The rage in my veins simmers, and I let out a breath of amusement.

Fucking Denis. Nothing fazes him. Then again, compared to the shit he deals with in this house daily, my little outburst is child’s play.

He’s my right-hand man, left side of my brain, and the heartbeat of our army.

He works behind the scenes making sure my men are fed, watered, healthy, and sane before shoving them back over the front line to me.

Need stitches? You go to Denis. A good beating?

Denis. Passports, translators, tech support.

He does anything and everything to keep the organization ticking over.

Heir to the largest illegal timber logging company in Gabon, Africa, he was born into this life too, but he wasn’t built for it.

Not physically, with his lean runner’s build, pressed shirts, and glasses as thick as a bible.

Not mentally either—when I first met him on our first day in Hell, he’d brought only a Rubik’s cube and a book of crossword puzzles with him.

Right then and there, I knew his heart was too big, his conscious too heavy.

There were three of us once.

The last gulp of beer tastes bitter. I grab another and sink down on the sofa to watch him play.

The roar of the storm whipping through the mountain ridges.

The occasional clunk of balls dropping into pockets.

The soft melody drifting out from under Luan’s fingertips and down the hall.

The chalet’s soundtrack usually has a way of dulling the constant ache between my ribs, but not tonight.

Tonight, I’m too distracted by the words brewing at the base of my throat and the fight to stop them spilling out into the room.

I let out a hot breath through my nostrils, rest my elbows on my knees, and glare down at the carpet; I can’t fucking look at Denis while he leans on his pool cue and studies me.

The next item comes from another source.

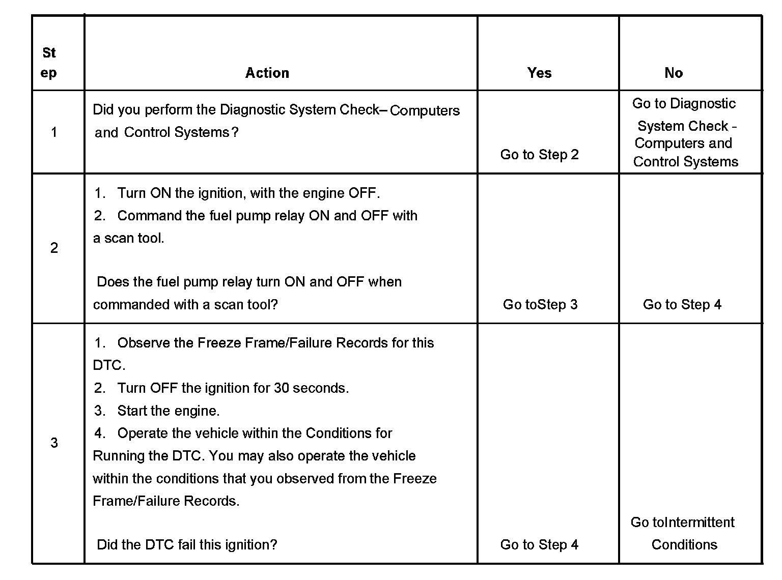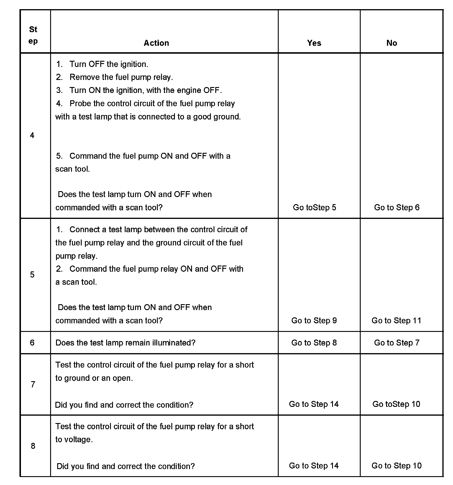 5. This step tests for an open in the ground circuit to the fuel pump relay.

“This isn’t about Rafe’s men, is it?”

I give a tight shake of my head.

He sighs. “Her.”

He knows better than to say her name.

A ball rolls into a pocket; I feel the thud in the pit of my stomach. Silence follows, all the heat trapped in Denis’s glare.

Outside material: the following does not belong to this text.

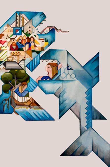 Der Künstler hat die zentralen Motive der Jonageschichte in den berühmten Wal eingezeichnet, in dem Jona drei Tage und drei Nächte verbringen muss, weil er sich dem Auftrag Gottes, der bösen Stadt Ninive das Strafgericht anzusagen, entziehen will.
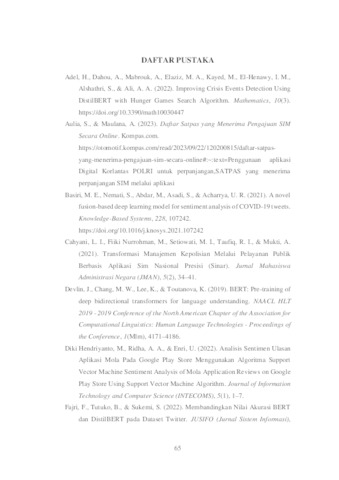 Putri, Nabila Rizky Amalia (2024) Analisis Sentimen Pada Ulasan Aplikasi Digital Korlantas Polri Menggunakan Model DistilBERT. Undergraduate thesis, UPN Veteran Jawa Timur.

“It’d take me five minutes to find—”

“No.”

No.

Three years.

I’ve lasted three fucking years.

She’s perfect, in her little box. My little angel with wings from . With a touch too warm for my skin; with a name too sweet to ever pass my lips. I want to keep her there forever. A reminder of all the good in the world, of everything I’ve never had or deserved.

I swore I wouldn’t dig, though now I’ve seen her fucking body, it’s getting harder to resist finding out what she’s hiding beneath it. And maybe if I found out she isn’t so perfect after all, I could set her free.

But that’s the problem. The Devil himself couldn’t claw Her from me.

I grit my teeth and drag my gaze up to meet Denis’s.

“Fine,” he mutters, his shoulders sagging. He cracks his neck, runs a hand over his short braids and tightens his grip on the snooker cue. “Buckle up; this is going to hurt.”

Good.

I close my eyes and brace for the blow.